Some action items to prepare:
- Soffits: Some units have most soffits closed for the winter. They need to be opened. What is the total square inches of your inlets? You need about 50% more area than that available into the attic, most likely through the soffits. If the soffit screen is damaged or dirty put that on your to-do list.
- Fans: Many are covered for the winter. It is time to pull off the covers and double check their condition and functionality. If you have fans set up as emergency fans on separate thermostats, check that the thermostats still work and were not compromised with the winter humidity levels.
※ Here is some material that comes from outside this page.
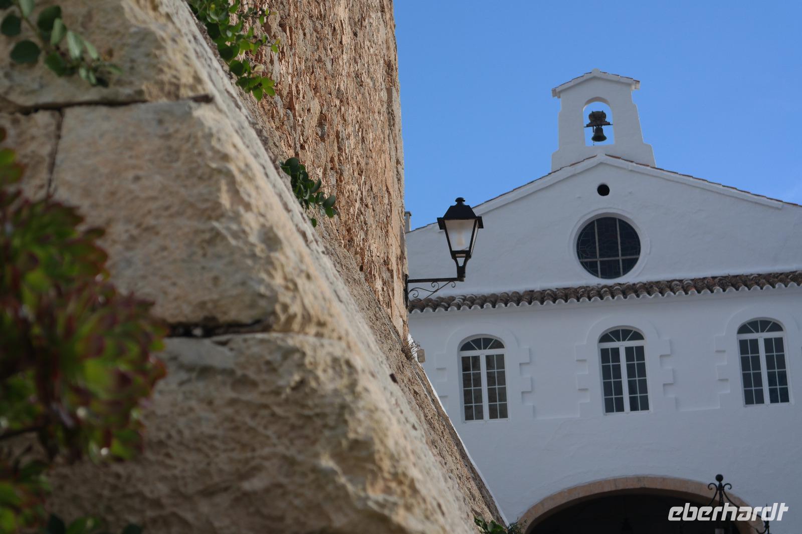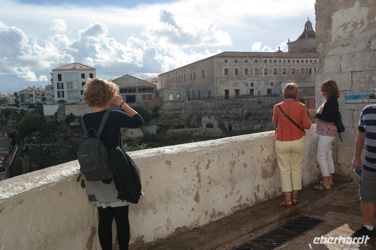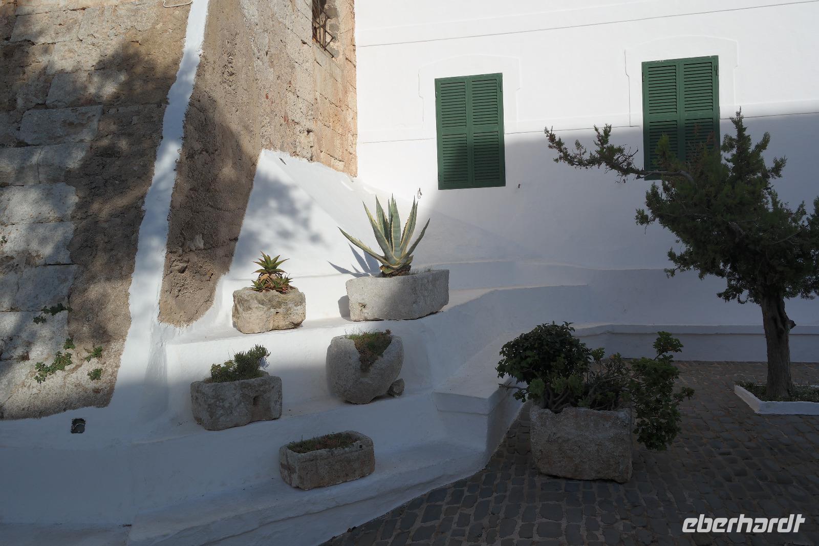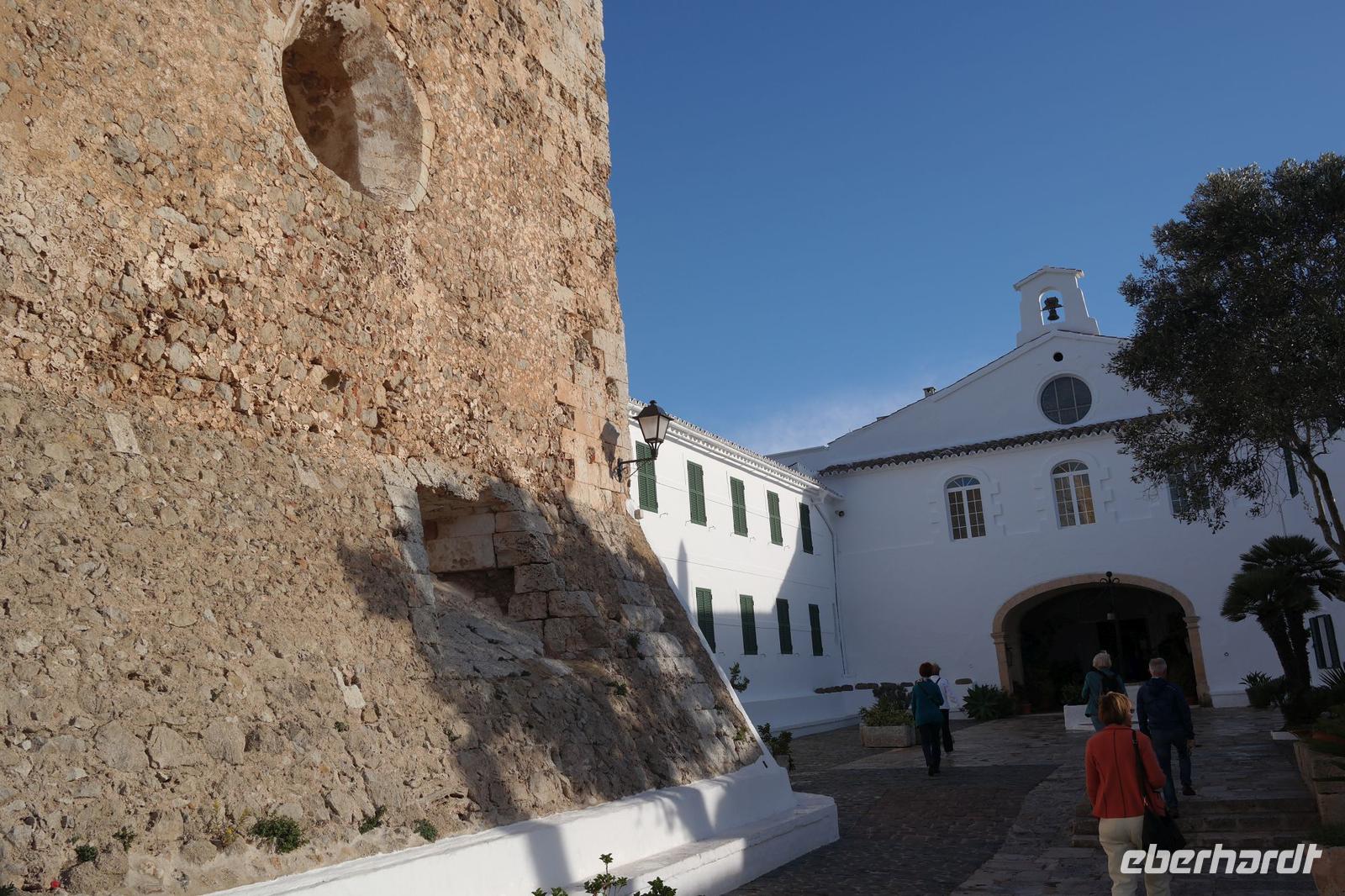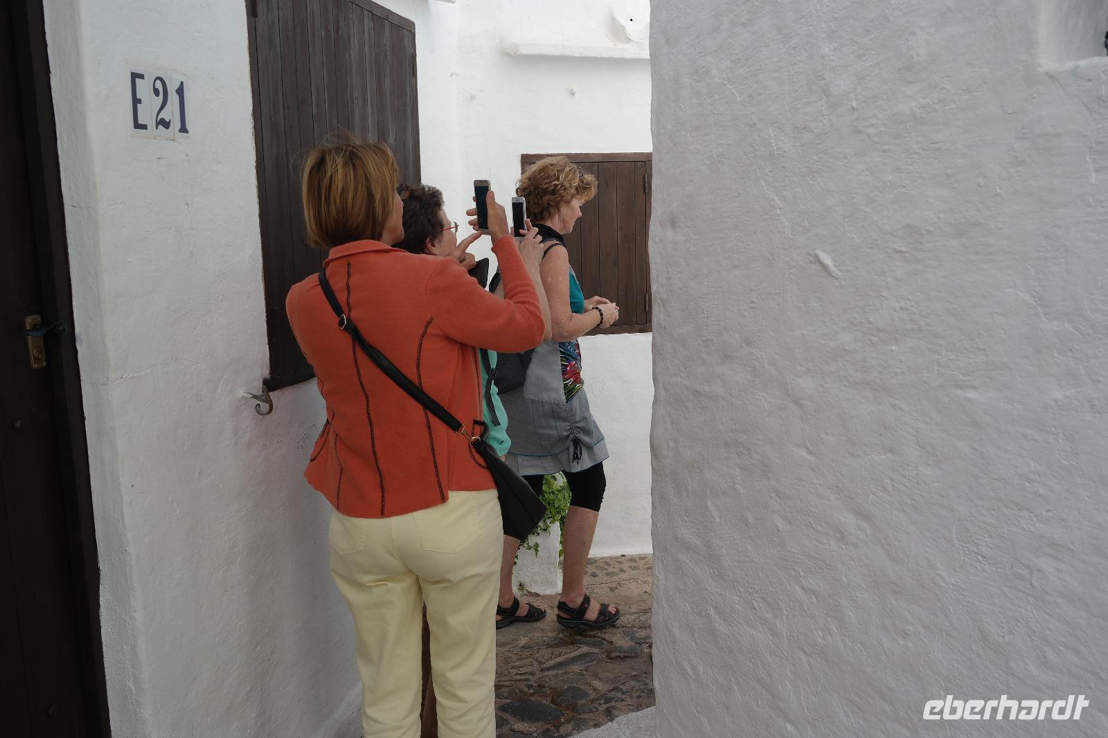 Die Wanderschuhe dürfen heute auslüften - wir nehmen den Bus. Es geht zum höchsten Berg der Insel - „El Toro" - zugleich wichtiger Wallfahrtsort (Kloster Santa Maria) - von hier können wir die kleine Insel in alle Himmelsrichtungen überblicken und in der kleinen Kirche unsere Wünsche und Gebete zurücklassen. Danach geht es in die Hauptstadt Mahon (katalan.: Mao) - berühmt für den größten Naturhafen Europas, thront die Stadt auf einem Felsplateau über der 5 km langen Bucht, die eine ganze Flotte beherbergen kann. Wir schlendern über die Plazzas, durch enge Gassen und genießen um die Mittagszeit ein Orgelkonzert in der Kirche der Heiligen Maria. Von Plakaten erfahren wir, dass selbst auf Menorca das „Oktoberfest" gefeiert wird - kein Wunder also, wenn auf der Wies'n die Leute ausbleiben. Wir fahren weiter über Sant Lluis, sehen den Leuchtturm auf der „Luftinsel" und drehen ab in Richtung Südwest in das kleine Fischerörtchen Binibèquer. Die kleinen Häuser - komplett weiß angestrichen (auch Dächer, Kamine und Antennen sind weiß) bilden mit den engen Gäßchen ein einzigartiges Labyrinth - wir finden trotzdem den Weg in eine kleine Bar und lassen uns Eiscafè und Anderes schmecken. Unsere letzte Station für heute sind die Naturhöhlen von Xoroi. Diese Höhlen sind nur vom Meer aus zu sehen - in den Felsen wurde eine Treppe eingebaut und von hier bietet sich uns ein spektakulärer Blick auf die tosende Brandung. In den Höhlen finden sich heute kleine Bars - wir können uns gut vorstellen, dass hier das Nachtleben pulsiert - deshalb sind wir am Nachmittag gekommen .
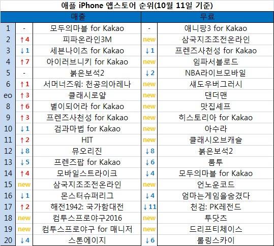 ◆애플 매출 순위-컴프야, KBO리그 포스트시즌 효과 '톡톡'

- Bandwidths: Over the cold months I usually see BWs widened (maybe 2° to go from minimum to 100%) so you do not trip an additional fan too quickly in cold weather. Summer settings we generally tighten these (maybe 1°) so we can step in additional fan power fairly quickly.
- Curtains: Many are secured up, mostly north sides. You do not want your first 50° day with only the south side operational, these must be free to move. Unsecure them and check their functionality. Power Drop curtain drop should be verified. Watch your curtain movement….. see below.
- Curtain run times: Many problems evolve from too far or too quick curtain movement. The general rule of thumb is 1” downward movement or ‘run time’ (regardless of how many seconds that is on your controller) and a ‘read interval’ of 2 minutes. This slower runtime and longer read interval allow the probe to react to the fact the barn has cooled some from the last move, without dropping more.
- Bait boxes: They may have been under snow, so spring is a good time to reload them with fresh bait.
- Static Pressure: No matter what fans are running, you should have some static pressure. The entry door should pull shut behind you. No pull = no static pressure. Door slams = too much. Static pressure tells you the inlets are in balance with the fans delivering a proper incoming air speed.
That is a quick list of problem areas to check before the weather allows field work!